Mine's based on an incredibly vivid dream I had a long time ago.  I usually have a hard time coming up with ideas as well, though.  Or, good ideas, at least.


----------



## Atrak (Nov 11, 2009)

*shrug* The subconscious mind gather information gathered by your five senses, as well as mental images, such as ones formed from reading novels, and pulls from each to create an idea. Because the subconscious controls this, you can have ideas in two different ways, dreams, or just spontaneous ones that just pop into your head randomly.
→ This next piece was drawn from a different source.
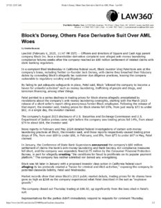 Block’s Dorsey, Others Face Derivative Suit Over AML Woes – Law360
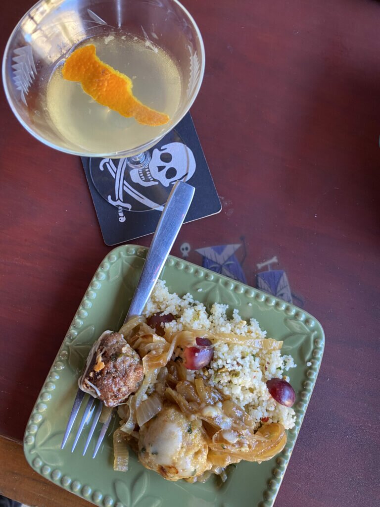 The Sidecar cocktail paired with Chili Lemon Couscous with pistachios and grapes.

That was entirely based on my thoughts, and had no basis in fact whatsoever, except that, if I am correct, part of my idea came from facts about the mind  . I did not, however, google this, and it is probably wrong. *shrug*

(look at my sig)


----------



## Lazarus (Nov 11, 2009)

Work has held me up over the past few days and I'm now nearly 7,000 words behind. But since today is a holiday and I'm needed nowhere, I have all day to catch-up, and here I go.


----------



## Sarhea (Nov 11, 2009)

Scarborough said:


> Funny. I love flashbacks. I'm trying to write this thing with as few flashbacks as possible and from a single POV and it's terribly difficult.




Flashbacks work great for some-I hate writing them cause they trip me up and I end up running off on so weird tangent...So I mainly hate writing them cause I fail miserably at making them work and flow properly.  

Gah, I'm getting so far behind now.  I wish I could forget that I know what happens later in the story and write the stuff I need to write now.  I'm finding myself daydreaming about stuff that happens later in the story, and then my train of thought derails on what I'm currently trying to write...oh god, i'm rambling...sooo tired...


----------



## Atrak (Nov 13, 2009)

This is where free-typing reigns supreme  . When I write a story, I force myself away from the future,and focus only on what is happening NOW. I attempt to merge with my protagonist, and to not only write what he/she's feeling, but *how* he/she's feeling. When I'm not writing, I daydream about a different story  .


----------



## Stratelier (Nov 13, 2009)

"Method writing", then.  It can be useful, but I try to avoid it because I tend to wind up explaining and debating backstory technicals with myself and never get anywhere.


----------



## M. LeRenard (Nov 14, 2009)

Just hit the big 50% mark.
This is weird, but my left pinky is actually getting sore from typing so much.


----------



## Zeichwolf (Nov 14, 2009)

Sadly enough, I've dropped, as I've mentioned in Poetigress' thread. Papers came due around 7k words and since then my muse for writing has died along with my word count. Good luck to the rest of you!


----------



## FireFeathers (Nov 14, 2009)

I'm doing it for the first time this year; Started late, but  i'm at about 32k, hitting the wall a bit. Though i've got a few days to let my mind simmer and dig around in it later on.  Thankfully, i've been planning this story for years, and my writing muse decieded to kick it into overtime right around the 5th of November.  Hopefully, i'll be able to finish, even though i should be using this time to do my final portfolio for college.


----------



## Stratelier (Nov 14, 2009)

Suffered a lack of inspiration last night, couldn't even write 100 words because I had _no freakin' clue_ how to narrate the scene I had in mind.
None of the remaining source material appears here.